((

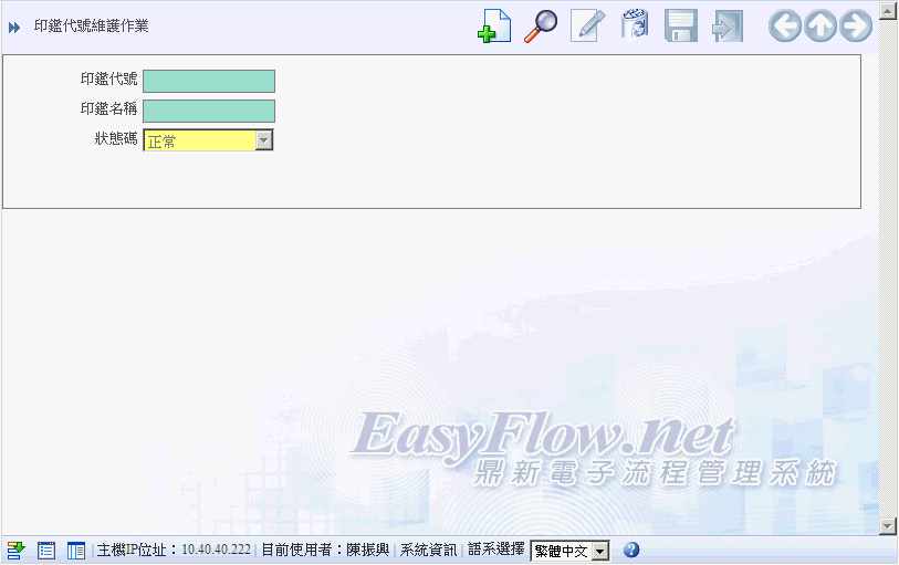 首 頁 --> OAS辦公室自動化 --> OAS表單異動資料維護作業 --> 印鑑代號維護作業
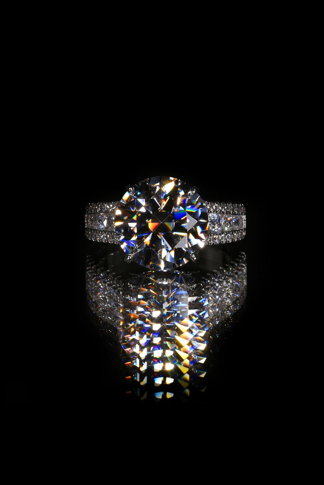 Round brilliant άχρωμος μοϊσανίτης δεμένος σε σκελετό από ασήμι 925. GM: 8.09 CRT 10 Πιστοποίηση GRA
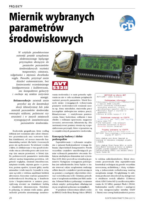AVT5328 A Miernik wybranych parametrów środowiskowych - płytka drukowana
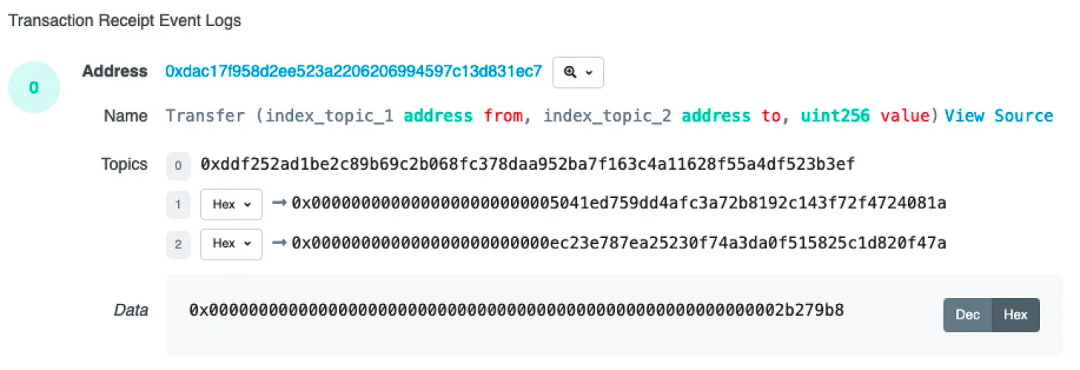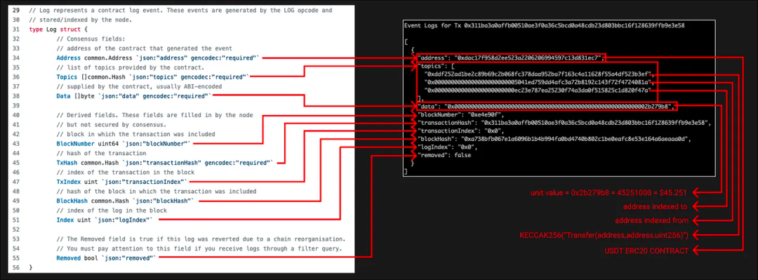 address 字段是发出事件的合约地址,有关这个字段的一个重要说明是,尽管它未包含在 topic 部分中,它也将被索引。原因在于 Transfer 事件是 ERC20 标准的一部分,这意味着当需要过滤筛选 ERC20 转账事件的日志时,将从所有的 ERC20 合约中获取转账事件。而通过索引合约地址,可以将搜索范围缩小到特定的合约 / 代币,如示例中的 USDT。
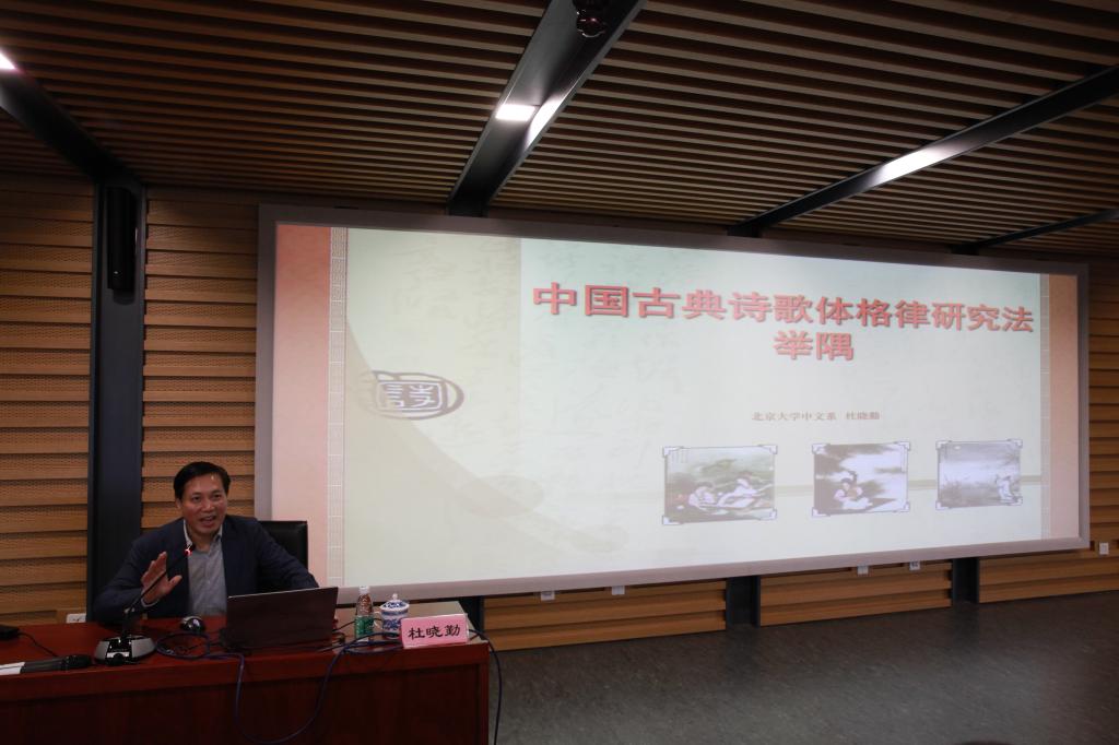 2021年5月14日下午,北京大学中文系主任、古代文学教授、博士生导师杜晓勤先生在学校图书馆四层学术报告厅为全校师生带来了题为《中国古典诗歌体格律研究法举隅》的讲座,讲座由beat365中文官方网站院长詹福瑞教授主持。
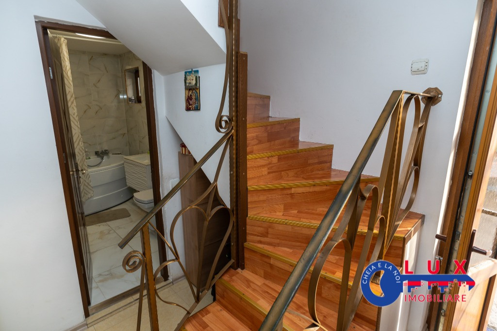 AGENTIA LUX IMOBILIARE va propune spre vanzare in o casa amplasata in Zona Podgoriilor, intr-o zona linistita si cu vecini prietenosi si aproape de LIDL, Parcul Victoria, Scoala Generala Alexandru Ciucurencu, Scoala Gimnaziala Nr. 12, Liceul Tehnologic Ion Mincu, Liceul Teoretic Grigore Moisil, magazine, restaurante, farmacii, Penny, etc Proprietatea este formata din teren cu suprafata de 108 mp si 2 corpuri de casa. Frontul stradal este de 10 ml. - Corpul 1 are regim de inaltime P+E si are suprafata desfasurata de 86 mp. Este construit din BCA (2009) si acoperit cu tabla si este compartimentat astfel: PARTER: living, bucatarie si baie ETAJUL: hol, 2 dormitoare cu acces catre balcon si baie. - Corpul 2 are suprafata de 16 mp si este compus din bucatarie, camera si baie. Incalzirea se face prin calorifere cu centrala termica pe gaz. + MAGAZIE + Curte betonata unde este amenajata o mica terasa acoperita PRET 140.000 EURO Haideti sa stabilim o vizionare: 0740 374 650 Marin Nicolae 0744 814 740 Alina 0756 557 146 Ioana E-mail: [email protected] www.agentialuximobiliare.ro Facebook: Agentia Lux / Lux Imobiliare Sediul Agentiei Lux Imobiliare: Strada Babadag, Nr 12, Bl 6, PARTER (vis-a-vis de CEC Bank) Ne puteti gasi pe INSTAGRAM si pe TIK TOK

))

Task brief ▸ Please, without any of the pictures, set down exactly the lines from the beginning of the listing to the line that contains "AVT5328 A Miernik", inclusive.

Solved problem ▸
 首 頁 --> OAS辦公室自動化 --> OAS表單異動資料維護作業 --> 印鑑代號維護作業
 Round brilliant άχρωμος μοϊσανίτης δεμένος σε σκελετό από ασήμι 925. GM: 8.09 CRT 10 Πιστοποίηση GRA
AVT5328 A Miernik wybranych parametrów środowiskowych - płytka drukowana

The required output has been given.